Nicholson: Taliban Transitioning to a Criminal, Drug-Focused Insurgency


US Army Gen. John Nicholson, commander of US Forces-Afghanistan, briefs reporters via a video feed on Nov. 28, 2017. Screenshot of DVIDS video.

Three days of intense airstrikes on Taliban drug-making and financial facilities took out up to $10 million of the group’s funding, part of a shift on airstrike targeting, the top US officer in Afghanistan said Tuesday.

The Taliban has evolved into a “criminal/narco insurgency” in Afghanistan, focused on fighting to defend its “revenue streams,” US Army Gen. John Nicholson, commander of US Forces-Afghanistan, said during a Tuesday briefing.
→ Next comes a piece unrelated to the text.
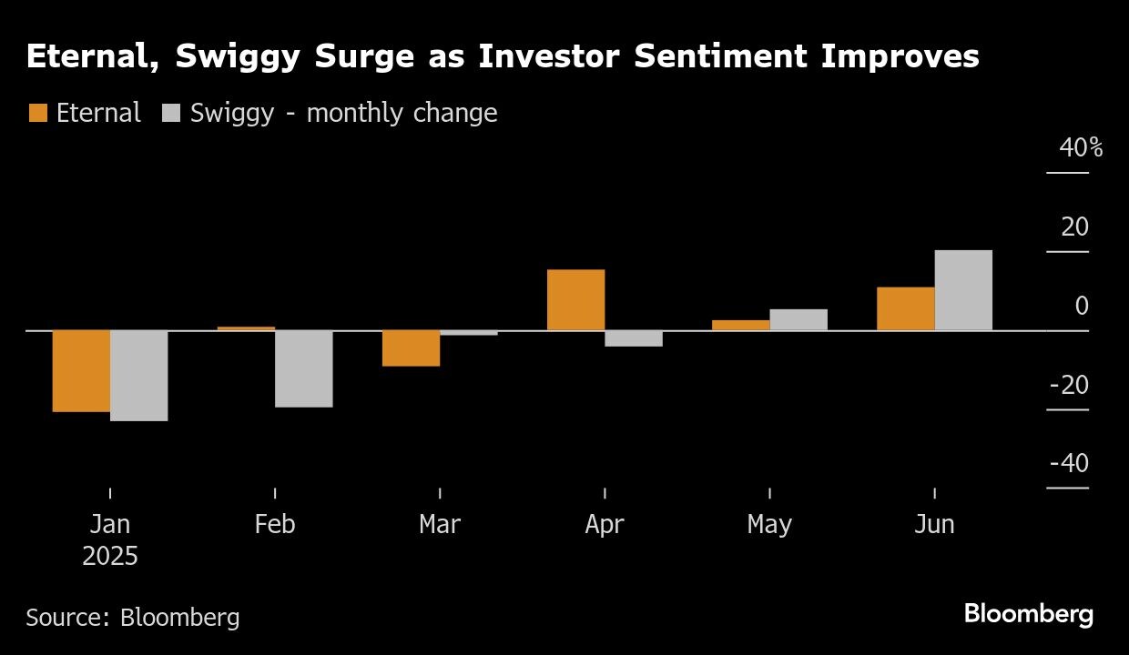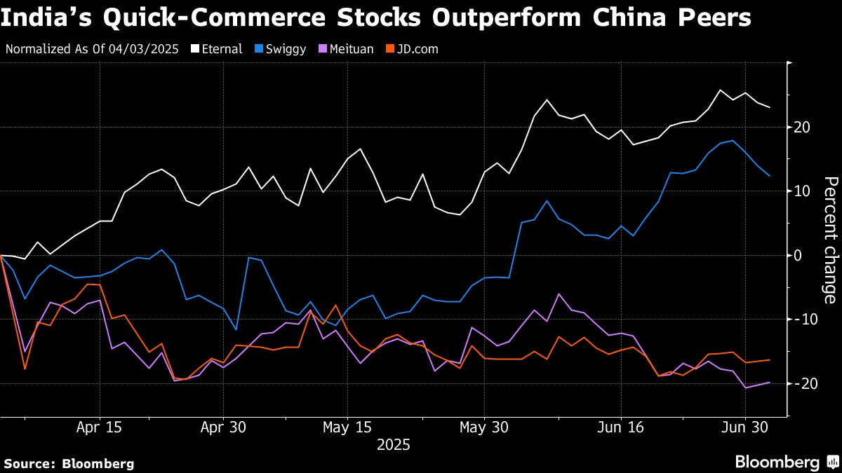 Shares of Swiggy Ltd. climbed 20% last month, topping the NSE Nifty 100 Index, while Eternal Ltd. advanced 11%. The rally in India's fast-growing quick-commerce sector — which delivers daily essentials in just minutes — contrasts sharply with losses for counterparts in China, where a fierce price war has battered food-delivery firms.
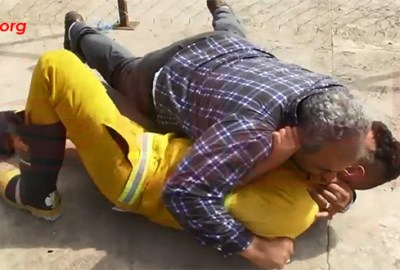 انهال الفنان بيومي فؤاد بالضرب على الفنان رامز جلال وقام بـ”عضه” من رقبته بعد اكتشافه للمقلب الذي وقع ضحيته خلال حلقة اليوم، الأحد من برنامج “رامز يلعب بالنار”، مُضيفًا: “أنا اتبهدلت وعايز امشي”.

“They have increasingly lost whatever ideological anchor they once had,” Nicholson said. “They fight to preserve and expand their sources of revenue. This includes narcotics trafficking, illegal mining, taxing people throughout Afghanistan, kidnapping, and murder-for-hire: all criminal endeavors.”

In response, US forces conducted three days of airstrikes, including B-52 and F-22 missions, hitting opium production facilities in Helmand Province. These strikes, coupled with efforts by the Afghan 215th Corps, took away between $7 million and $10 million.

“These strikes were just the first step in attacking the Taliban’s financial engine, and they will continue,” Nicholson said.

So far this year, US forces have tripled the number of air-delivered munitions dropped on Taliban and ISIS targets in Afghanistan. That number will increase as more aircraft are shifted away from Iraq and Syria, Nicholson said.

The Taliban still has a strong hold on territory and the population inside Afghanistan. Sixty-four percent of the country is controlled by the Afghan central government, with 12 percent controlled by the Taliban, and 24 percent of the population lives in contested areas, Nicholson said.